Check each line below for "retablo" and say how many have it, with no other words.

Dataset records
- - - -
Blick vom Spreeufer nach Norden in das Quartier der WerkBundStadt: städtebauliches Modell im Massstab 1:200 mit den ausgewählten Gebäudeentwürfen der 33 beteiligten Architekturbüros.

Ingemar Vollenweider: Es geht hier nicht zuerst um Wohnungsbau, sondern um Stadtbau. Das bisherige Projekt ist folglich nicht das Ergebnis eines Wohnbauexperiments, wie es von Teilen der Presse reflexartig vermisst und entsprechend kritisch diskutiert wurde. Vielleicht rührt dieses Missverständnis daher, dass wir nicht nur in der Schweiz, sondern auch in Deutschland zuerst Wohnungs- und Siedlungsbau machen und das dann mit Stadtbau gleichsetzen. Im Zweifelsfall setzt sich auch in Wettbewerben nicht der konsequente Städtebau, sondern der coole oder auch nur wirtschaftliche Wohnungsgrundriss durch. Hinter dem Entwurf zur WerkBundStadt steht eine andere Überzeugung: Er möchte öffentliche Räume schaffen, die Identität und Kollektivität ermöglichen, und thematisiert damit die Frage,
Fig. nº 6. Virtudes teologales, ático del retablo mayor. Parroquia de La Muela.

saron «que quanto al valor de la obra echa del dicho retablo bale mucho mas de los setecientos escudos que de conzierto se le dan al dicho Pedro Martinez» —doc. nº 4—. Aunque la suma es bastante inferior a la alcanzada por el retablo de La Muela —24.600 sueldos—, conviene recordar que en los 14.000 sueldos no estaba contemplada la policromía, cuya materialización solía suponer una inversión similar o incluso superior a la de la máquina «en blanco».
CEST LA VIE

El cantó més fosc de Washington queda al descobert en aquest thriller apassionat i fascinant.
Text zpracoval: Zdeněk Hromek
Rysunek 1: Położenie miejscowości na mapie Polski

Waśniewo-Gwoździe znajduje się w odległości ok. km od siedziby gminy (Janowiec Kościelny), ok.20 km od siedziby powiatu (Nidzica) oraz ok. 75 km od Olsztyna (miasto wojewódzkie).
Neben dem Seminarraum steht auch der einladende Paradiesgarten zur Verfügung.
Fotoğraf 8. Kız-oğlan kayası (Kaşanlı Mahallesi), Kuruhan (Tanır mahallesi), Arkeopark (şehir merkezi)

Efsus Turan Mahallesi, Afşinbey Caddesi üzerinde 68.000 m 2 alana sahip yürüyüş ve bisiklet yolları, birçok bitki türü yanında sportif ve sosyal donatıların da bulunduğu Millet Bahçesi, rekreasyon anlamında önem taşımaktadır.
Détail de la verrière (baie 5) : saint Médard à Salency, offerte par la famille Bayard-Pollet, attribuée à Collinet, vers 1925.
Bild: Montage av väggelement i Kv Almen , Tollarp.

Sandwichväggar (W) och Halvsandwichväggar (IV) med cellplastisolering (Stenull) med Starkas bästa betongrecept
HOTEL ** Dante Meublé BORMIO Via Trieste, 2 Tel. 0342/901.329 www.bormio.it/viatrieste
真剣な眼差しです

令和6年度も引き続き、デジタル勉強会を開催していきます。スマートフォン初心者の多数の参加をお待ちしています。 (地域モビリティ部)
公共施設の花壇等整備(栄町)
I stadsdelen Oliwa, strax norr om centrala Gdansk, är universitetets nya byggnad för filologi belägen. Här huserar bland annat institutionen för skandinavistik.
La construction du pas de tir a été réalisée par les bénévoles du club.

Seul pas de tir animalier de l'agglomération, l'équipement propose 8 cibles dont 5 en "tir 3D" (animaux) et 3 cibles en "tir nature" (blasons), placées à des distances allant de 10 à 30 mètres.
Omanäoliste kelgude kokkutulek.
- - - -
Response area: 2